How do Envelope Proteins Elicit UPR?
Enveloped viruses either bud through the plasma membrane or an intracellular compartment e.g., ER (Figure 4) (Garoff et al., 2004; Stertz et al., 2007; Murakami, 2012; Prange, 2012; Vieyres et al., 2014). In either case, the envelope proteins will be first targeted to the ER for post-translational modification and maturation. Many viral envelope proteins are significant inducers of UPR, whether they are ER-resident proteins (for viruses budding into the ER) or are just trafficking through the ER en route to the plasma membrane (for viruses budding through the plasma membrane) (Dimcheff et al., 2003, 2004; Wang et al., 2003, 2006; Hsieh et al., 2004; Liu et al., 2004, 2006; Nanua and Yoshimura, 2004; Qiang et al., 2004; Chua et al., 2005; Chan et al., 2006; Yoshimura and Luo, 2007; Yoshimura et al., 2008; Zhao and Yoshimura, 2008; Favreau et al., 2009; Portis et al., 2009; Barry et al., 2010; Dediego et al., 2011; Hung et al., 2011).
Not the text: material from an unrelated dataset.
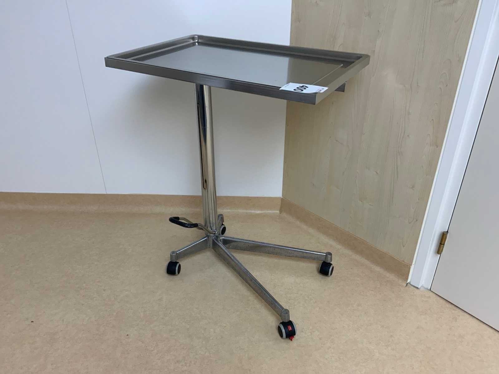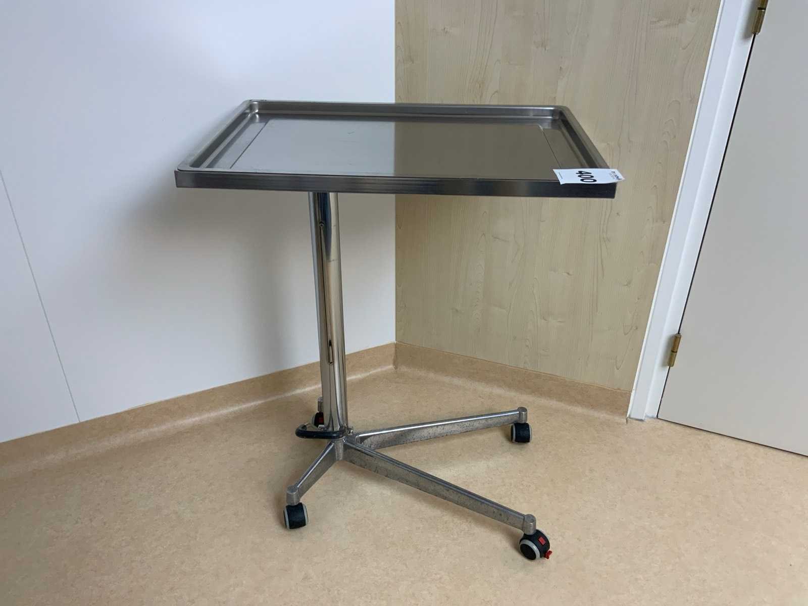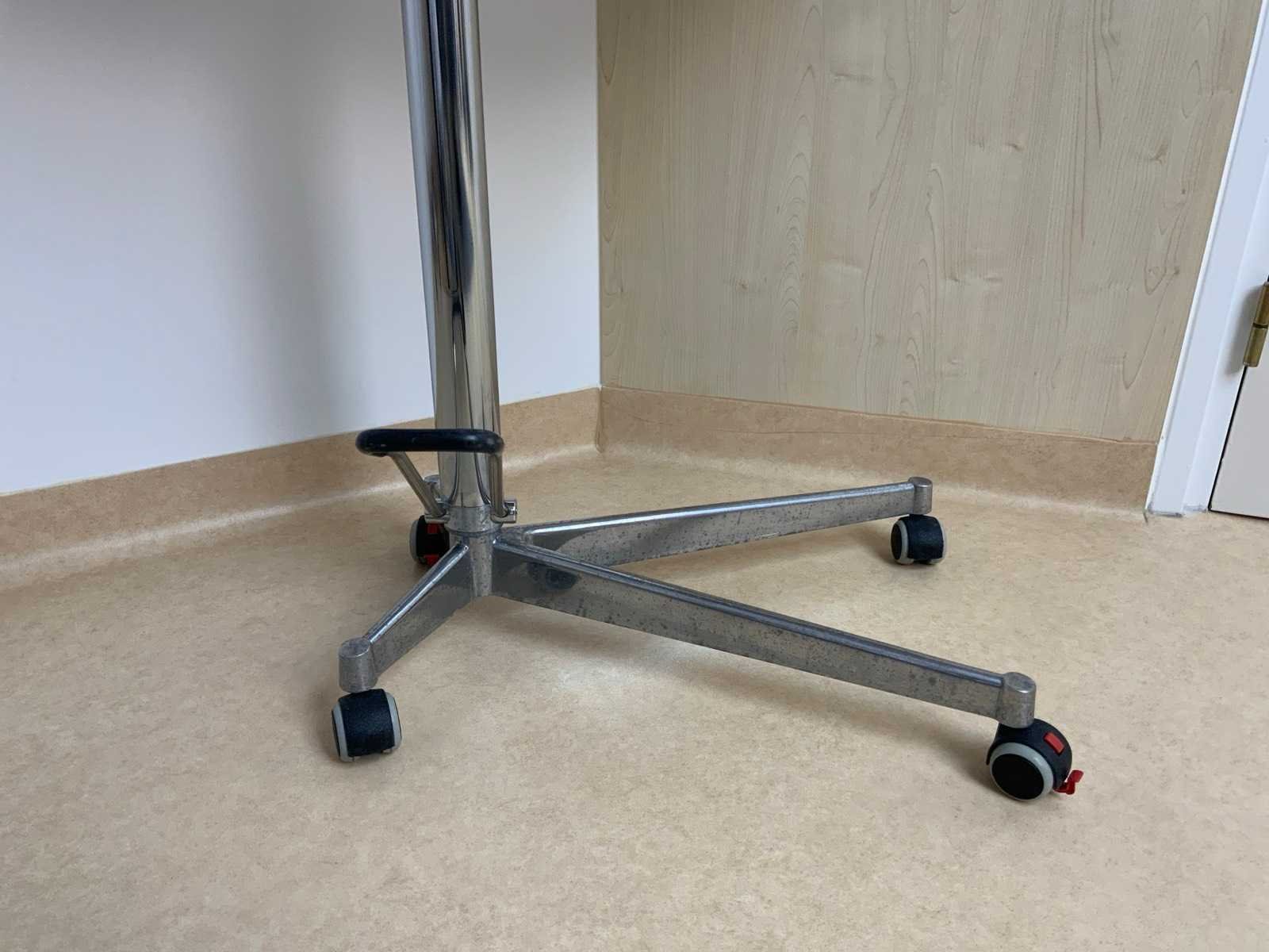 Middels een voetpedaal in hoogte verstelbaar, minimale hoogte 90 cm , maximale hoogte 123 cm. Lengte: 71cm Breedte: 48cm Materiaal: Rvs

Figure 4. Two modes of virus budding. Left: Virus budding into the endoplasmic reticulum (ER). Virion assembles and buds into the ER, where it is coated by the ER-resident envelope proteins. Egress of virus particle follows the host secretory pathway and released into the extracellular space. Right: Virus budding from the plasma membrane. Envelope proteins are targeted to the ER and transported to the cell surface via the host secretory pathway. Virion assembles and buds through the plasma membrane.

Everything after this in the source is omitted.